I just think it is important to continue to hold Sean and others accountable for thinking and reasoning similar to the famous fallacy in Alice in Wonderland. There the judge finds whatever verdict he wants by labeling what he thinks is important and unimportant. Sean does the same thing by saying who — or rather what identity — he thinks is important, and which one he thinks is unimportant, and then reads into the constitution a whole list of fealty that others have to give to the important identities, including as you point out the inability to have any say in the government whatsoever.
The tenth amendment is really more about state responsibilties than state rights. That part about “reserved for the states and the people” meant, they gotta take care of things the federal government doesn’t. But the only things prohibited to the federal government are stated in Section 9, the Limits on Congress. It was expected that Congress would pass general laws for the general welfare. Many specific responsibilities were assigned to the Federal government in Section 8, but nothing in the Constitution, not even the 10th Amendment, limits the Federal government to those things alone. In fact the Constitution itself calls for the Legislature to enact general laws setting the manner of entering into and the effect of state acts, records, and court procedings, which certainly means marriage. The idea of the Full Faith and Credit clause is that states “ought” to recognize each others marriages and legal decisions. It doesn’t obligate states to honor each others marriages, nor does it say that states don’t need to honor each others marriages, what it says is that Congress is supposed to resolve conflicts like this by general laws so that states can recognize each others acts and decisions. It means Congress should by general law set the effect of marriage (approving of conception of children) and the manner of proving such an effect (be legally and publicly a man and a woman, not siblings or close relatives, not children, not married to anyone else) so that all states are able to recognize each others marriages. (I think states could still further limit the list to exclude first cousins, though I think it would have to recognize first cousin marriages from other states).
You are right no federal court has the right to do this. According to the Constitution, it is the job of the legislature, Congress, to do it.
“the notion that homosexuals need to be accorded special legal considerations that the rest of us are just supposed to be able to do without”
Excuse me, it’s the straight people that are being given special privileges, not the gay people. The gay people, and now, most Americans, believe that if we’re going to privileges straight people, we must equally privilege gay people.
“The mere appearance of a potential conflict of interest would warrant a recusal.”
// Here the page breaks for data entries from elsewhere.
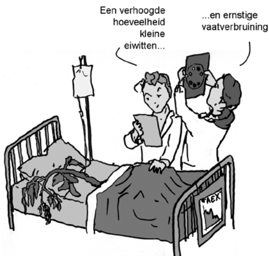
Figuur 2. In een zieke tomatenplant worden kleine eiwitten in de xyleem- of houtvaten uitgescheiden, zowel door de schimmel als door de plant. Ook kleuren de vaten bruin. Dit is een gevolg van de ophoping van fenolische stoffen die door de plant worden gemaakt om de schimmel te hinderen.

te verstevigen, het ophopen of uitscheiden van giftige stoffen en het inkapselen van de aanvallers. Net als bij ridders zijn ook voor schimmels de meest effectieve strategieën het gebruik van list, bedrog en manipulaties, bijvoorbeeld door zichzelf onzichtbaar te maken, het op gang komen van de afweermechanismen te frustreren, de voorraden van het slachtoffer voor eigen gewin aan te wenden en zo snel mogelijk alle cruciale onderdelen in handen te krijgen.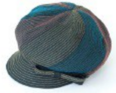
〈ベル・モード〉 キャスケット 42,120円

昔ながらの製法の日本製の金具を使用。通常の2枚金具より内装のバランスを取る必要があるため、がま口専門の職人技で口金が付けられます。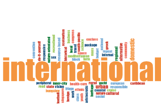
Şekil 2. 1991 ve Öncesi Çalışmalar

Analiz sürecinde belirlenen dergilerde (ATR, JTR, TM, JTTM) yer alan makaleler, onar yıllık olmak (1991 ve öncesi haricinde 3 ) üzere dört zaman diliminde değerlendirilmiştir.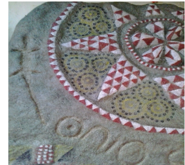
Tomás Doreste Caballero

CASA DE LA CULTURA - GUÍA DE GRAN CANARIA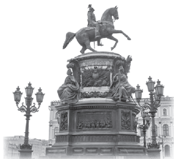
Памятник Николаю I. Вид справа

В центре Исаакиевской площади установлен великолепный памятник Николаю I, правившему в 1825–1855 гг., спроектированный архитектором Огюстом Монферраном в 1856 г. Мастер конной скульптуры Петр Карлович Клодт изобразил императора в мундире конногвардейского полка. Каска, увенчанная двуглавым орлом, надвинута на глаза. Высокие сапоги-ботфорты и палаш на боку дополняют образ тщеславного, жестокого монарха, завершившего свое правление провальной Крымской войной (1853–1856).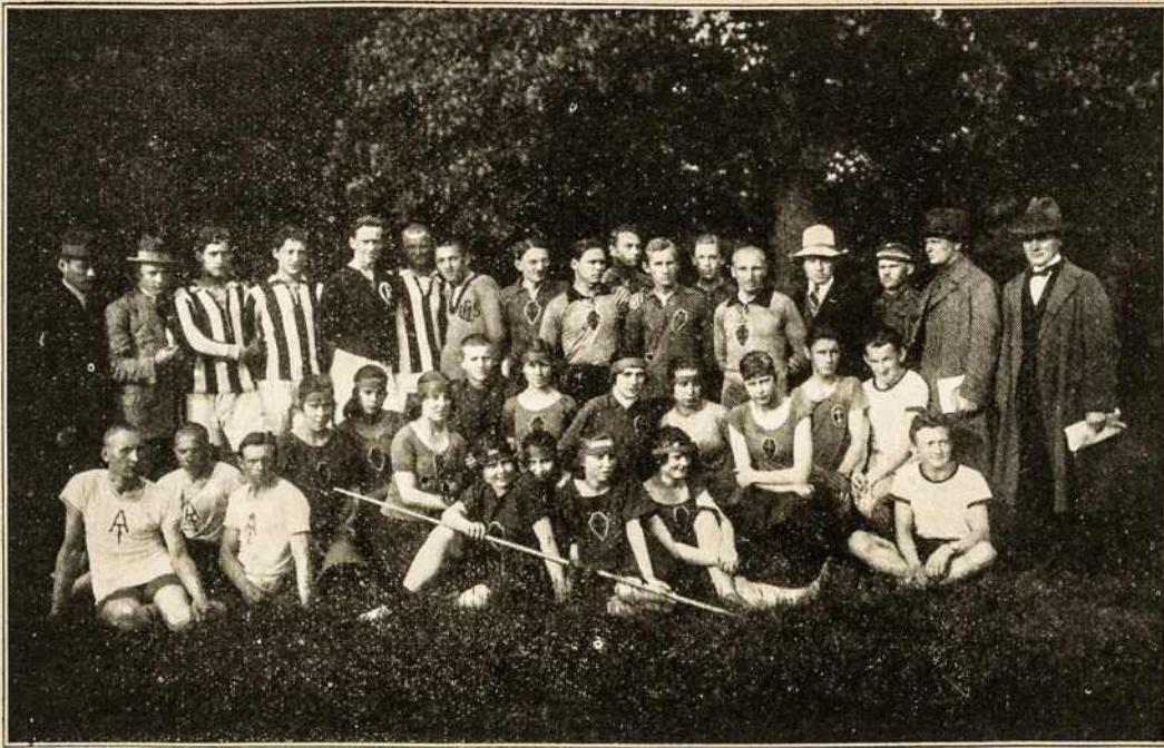
ŽYMESNIEJI LIETUVOS SPORTININKAI-ĖS

brangiais idealais. Tokių vadų Ateitininkija jau ne viena yra davusi lietuvių tautai, ant kurių pečių šiandieną guli visas mūsų visuomeninio ir valstybinio gyvenimo sunkumas. Tačiau eilių eilės ateitininkų dar tebesiruošia tam darbui. Čia ir glūdi visa katalikiškosios visuomenės šios šventės reikšmė. Lietuva gali būti rami, matydama besiruošiant jai vadų kilniosios sielos, nenugalimų pasiryžimų ir užsimojimo nudirbti didžiausius darbus Dievui ir Tėvynei, „viską atnaujinti Kristuje.“

The appearance of a conflict exists only among those who are obsessed with stopping same-sex marriage. Walker would have been exactly the same person he is now, and if he had rendered a different ruling, you would have had no problem with his sexual orientation or his relationship status. Oh, and waiting until a verdict is rendered is a little late in the game to be deciding that, well, you think he’s biased.
“along with Sean always play the race card and use the red herrings to distract from the real legal issue.”
I often use analogies to help explain why you’re wrong, if that’s what you mean.
“One of your most basic and fundamental rights and liberties is the right to amend any such constitution.”
Then why do so many states have no process for citizen-initiated constitutional amendments??? In fact, crafters of constitutions, state and federal, have raised significant barriers to amending constitutions. Why would they do that if amending the constitution is such a fundamental right?
“The tenth amendment is about states rights.”
That’s rich. What about DOMA? Why is the federal government second-guessing or disfavoring couples whom the states say are married. Prop 8 is not about states rights, but about whether a state can infringe on the US Constitutional right of every American to equal treatment under the law. See US Constitution, 14th Amendment, as well as US Constitution, 5th Amendment (Due Process)
“it was constitutional to vote on marriage and that the citizens had the right to define marriage.”
Of course they can, but they can’t violate the US Constitution’s guarantee of equal protection in doing so.
“Everywhere Sean reads protection for gays in his constitution, but then other people either don’t exist, or are denied any right by the constitution to do anything but promote homosexuality.”
Actually, Sean sees US citizens, which includes gay and lesbian people, as well as heterosexuals. All are protected by the US Constitution, lacking any verbage stating otherwise.
“You’ve correctly identified that Sean’s constitution is his own creation, and any resemblance to the real constitution of the USA is purely imagined.”
I think Onlawn is the one with the vivid imagination! She thinks that only straight people are protected by the US Constitution, evidently. But a careful reading on that important document reveals no preferences given to straight people, or limits on the rights of gay people.
“I just think it is important to continue to hold Sean and others accountable for thinking and reasoning similar to the famous fallacy in Alice in Wonderland.”
Gosh, Onlawn, what do you suggest? Prison time? The stockades? After this past week, where 20 judges in federal bankruptcy court in California struck down DOMA as unconstitutional, and where another federal judge upheld a gay judge’s right to preside in court, plus an impending marriage equality vote in New York, I can see why you’re frustrated. But the law is what it is.
Leland: Great post, you brought up new things that I never thought of. And I thought Michael E. on NOM had all the right legal answers.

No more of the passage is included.